= EXERCISE AIM =
Give back an exact copy of the entries beneath, minus the pictures.

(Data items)
[Start of Attachment]

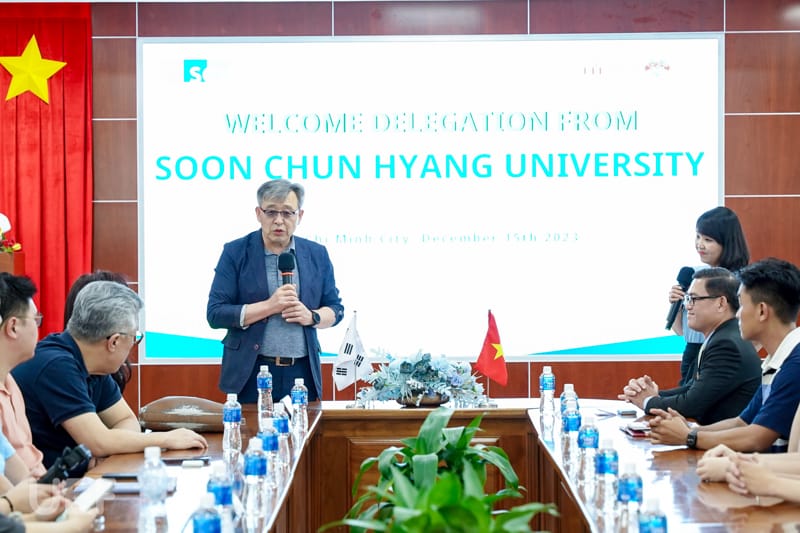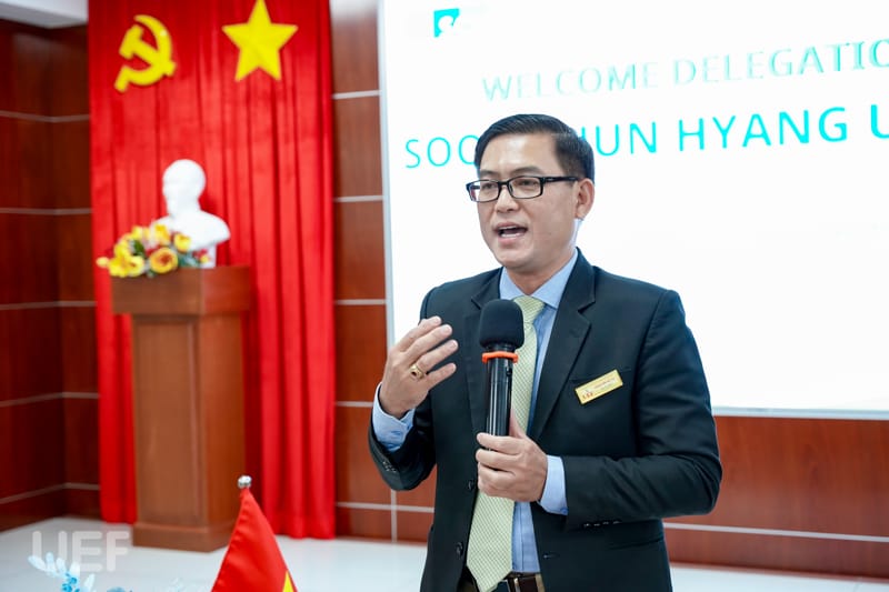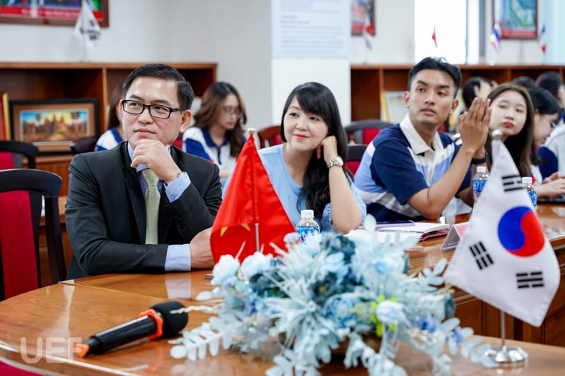 Phát biểu chào mừng đoàn đối tác, TS. Nhan Cẩm Trí nhấn mạnh giá trị của hoạt động giao lưu, trao đổi ngôn ngữ và văn hóa, điều này góp phần thúc đẩy sự gắn kết giữa hai bên, cũng như tạo môi trường để sinh viên phát triển. Đồng thời, thầy cũng giới thiệu thông tin nổi bật về UEF đến các giáo sư và sinh viên Hàn Quốc.
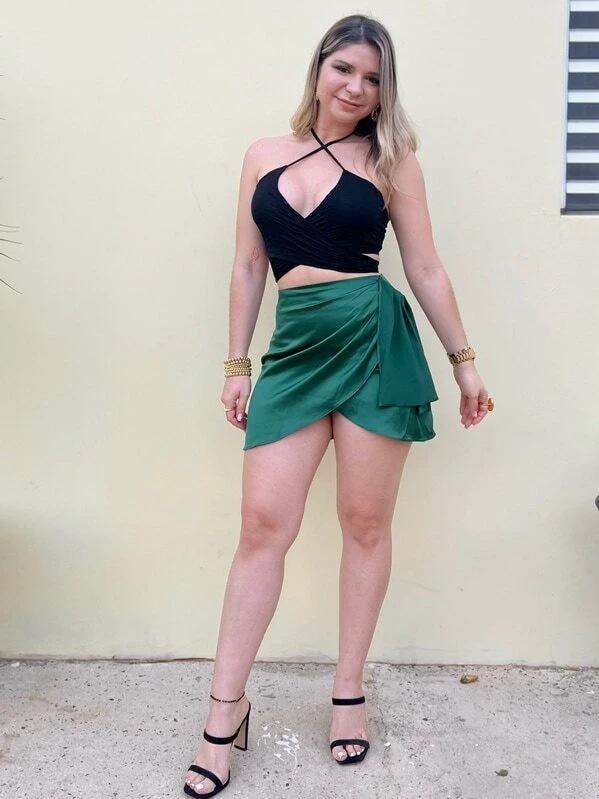 Falda plisada con cremallera irregular para verano de 2024, de satén de color liso europeo y americano, de cintura alta, ropa de mujer transfronteriza
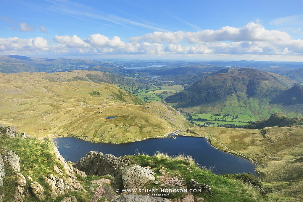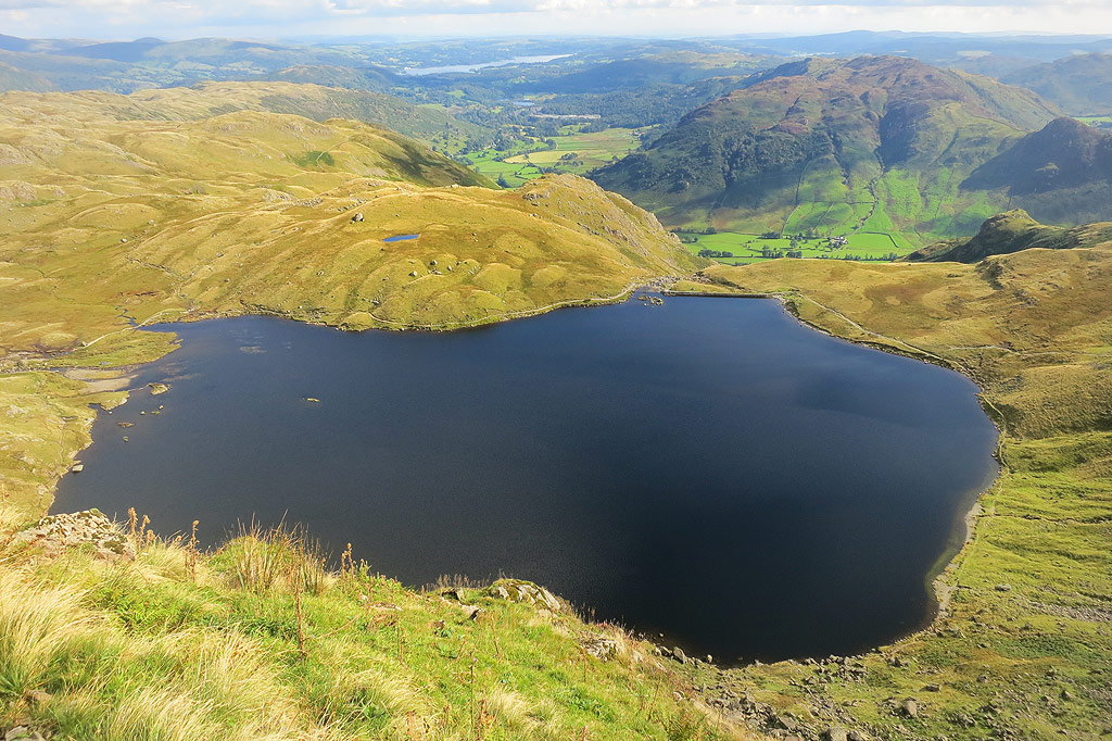 | You can see Blea Tarn in the centre of shot here – with Side Pike to the left – a good place for a little visit in itself if you have time |
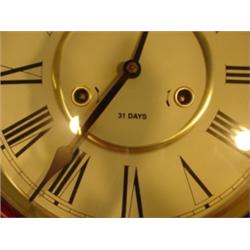 LARGE REPLICA 31 DAY BANJO CLOCK. Face is marked "31 Days". Good overall condition. 38.25" H, 15.75" W, 5.5" D
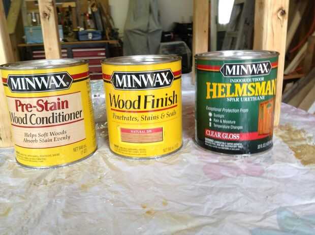 No soy experto en acabado de muebles, pero me di cuenta que tenía latas de parte del acondicionador de madera y sellador y mancha. El acondicionador se parecía ser una buena idea en asegurarse de que la madera se preparó para la tinción. Así que, obedientemente apliqué un par de capas de eso. Limpié el pincel en aguarrás cada vez que hice alguno de estos pasos. Apliqué dos capas de sellador de roble de color y la mancha. La madera era un poco áspera después de la primera capa, por lo que enarenó ligeramente la tabla entre las dos capas de tinte roble. Lijar la mesa ligeramente después de la última capa de tinte, así. Finalmente, estaba listo para mi brillante, mástil acabado. Elegí brillante, porque me gustan los cuadros que reflejan su entorno. Usted puede comprar semi-gloss y mate termina así. Todo depende de tu gusto. Apliqué dos capas de acabado del mástil y estaba muy contento con el resultado.
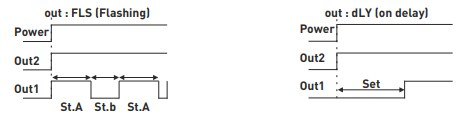 Relé temporizador con dos funciones: una función de retardo a la conexión y una función de relé cíclico.
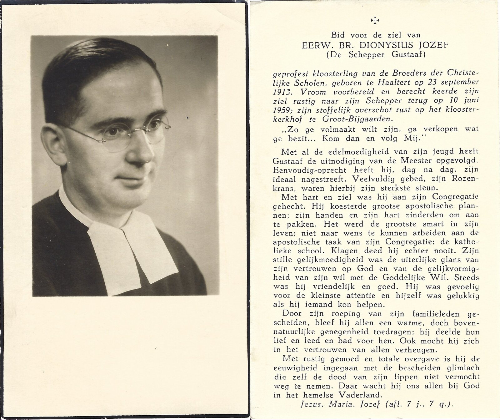 | De Schepper Gustaaf, Broeder Dyonisius | Haaltert | 23/09/1913 | Groot-Bijgaarden | 10/06/1959 |
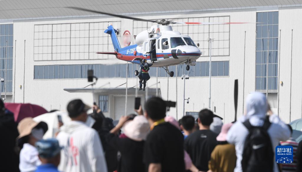 11月23日,交通運輸部南海第一救助飛行隊在2023亞洲通用航空展開幕式上進行空中救援演示。
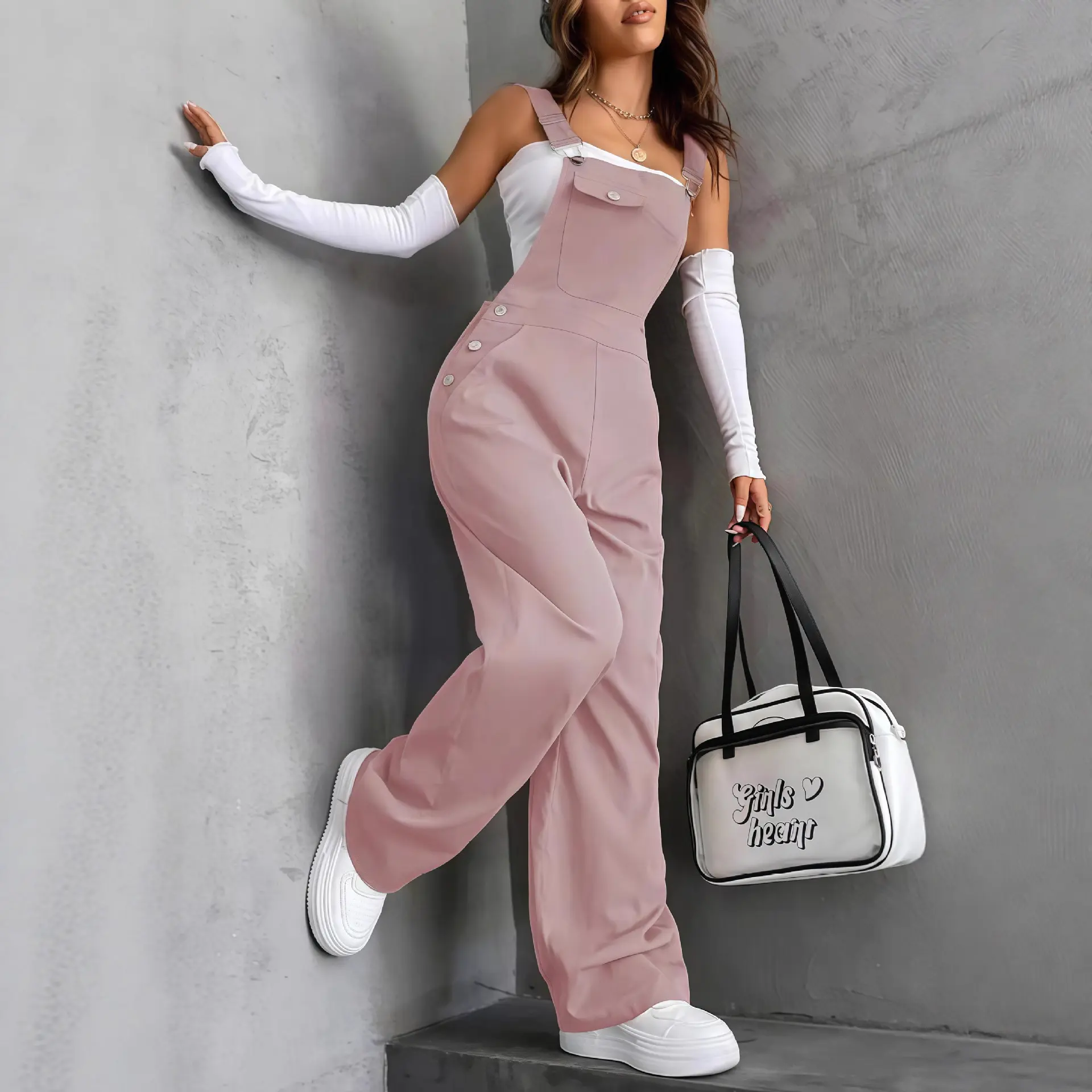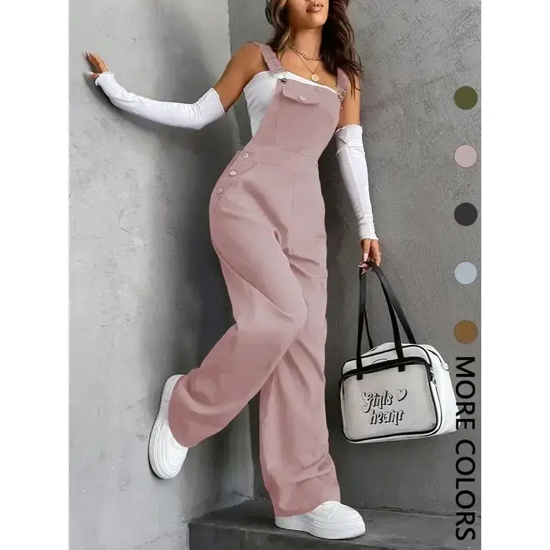 [Practical Pockets]: Featuring functional pockets that enhance usability, these overalls are perfect for keeping essentials handy while on the go. [Year-Round Wear]: Designed for all seasons, these overalls provide wearability across different weather conditions, ensuring versatility in your wardrobe. [Fitted Shape]: With a tailored fit, these overalls flatter your silhouette while allowing for comfortable movement during daily activities. [Easy Care Fabric]: Crafted from durable materials that are simple to maintain, these overalls retain their shape and color wash after wash.
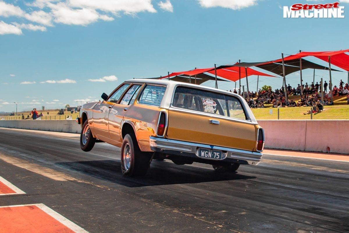 Winning hearts in the Super Street class at Northern Nats 5 drags, Graham Hilton in his stunning 1975 HJ Holden wagon narrowly lost in the
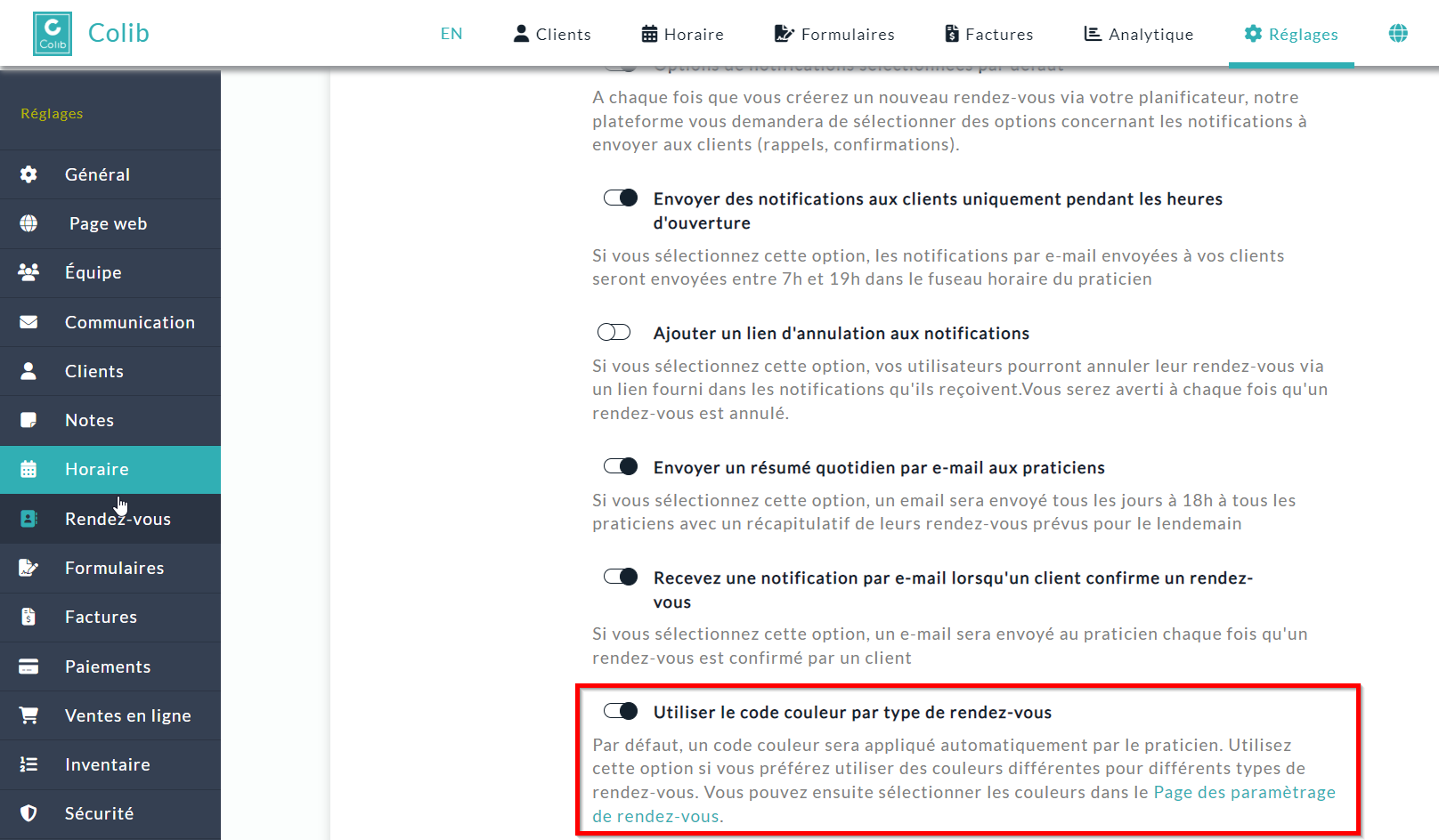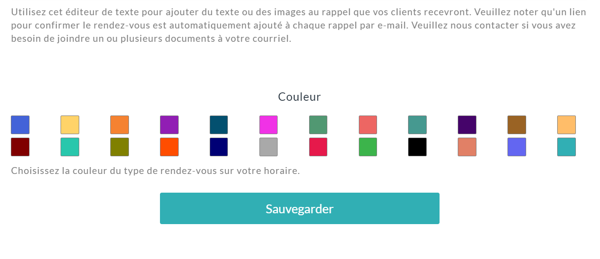 Une fois ce paramètre activé, vous pourrez sélectionner une couleur pour chaque type de rendez-vous.

[End of Attachment]

= YOUR RESPONSE =
 Phát biểu chào mừng đoàn đối tác, TS. Nhan Cẩm Trí nhấn mạnh giá trị của hoạt động giao lưu, trao đổi ngôn ngữ và văn hóa, điều này góp phần thúc đẩy sự gắn kết giữa hai bên, cũng như tạo môi trường để sinh viên phát triển. Đồng thời, thầy cũng giới thiệu thông tin nổi bật về UEF đến các giáo sư và sinh viên Hàn Quốc.
 Falda plisada con cremallera irregular para verano de 2024, de satén de color liso europeo y americano, de cintura alta, ropa de mujer transfronteriza
 | You can see Blea Tarn in the centre of shot here – with Side Pike to the left – a good place for a little visit in itself if you have time |
 LARGE REPLICA 31 DAY BANJO CLOCK. Face is marked "31 Days". Good overall condition. 38.25" H, 15.75" W, 5.5" D
 No soy experto en acabado de muebles, pero me di cuenta que tenía latas de parte del acondicionador de madera y sellador y mancha. El acondicionador se parecía ser una buena idea en asegurarse de que la madera se preparó para la tinción. Así que, obedientemente apliqué un par de capas de eso. Limpié el pincel en aguarrás cada vez que hice alguno de estos pasos. Apliqué dos capas de sellador de roble de color y la mancha. La madera era un poco áspera después de la primera capa, por lo que enarenó ligeramente la tabla entre las dos capas de tinte roble. Lijar la mesa ligeramente después de la última capa de tinte, así. Finalmente, estaba listo para mi brillante, mástil acabado. Elegí brillante, porque me gustan los cuadros que reflejan su entorno. Usted puede comprar semi-gloss y mate termina así. Todo depende de tu gusto. Apliqué dos capas de acabado del mástil y estaba muy contento con el resultado.
 Relé temporizador con dos funciones: una función de retardo a la conexión y una función de relé cíclico.
 | De Schepper Gustaaf, Broeder Dyonisius | Haaltert | 23/09/1913 | Groot-Bijgaarden | 10/06/1959 |
 11月23日,交通運輸部南海第一救助飛行隊在2023亞洲通用航空展開幕式上進行空中救援演示。
 [Practical Pockets]: Featuring functional pockets that enhance usability, these overalls are perfect for keeping essentials handy while on the go. [Year-Round Wear]: Designed for all seasons, these overalls provide wearability across different weather conditions, ensuring versatility in your wardrobe. [Fitted Shape]: With a tailored fit, these overalls flatter your silhouette while allowing for comfortable movement during daily activities. [Easy Care Fabric]: Crafted from durable materials that are simple to maintain, these overalls retain their shape and color wash after wash.
 Winning hearts in the Super Street class at Northern Nats 5 drags, Graham Hilton in his stunning 1975 HJ Holden wagon narrowly lost in the
 Une fois ce paramètre activé, vous pourrez sélectionner une couleur pour chaque type de rendez-vous.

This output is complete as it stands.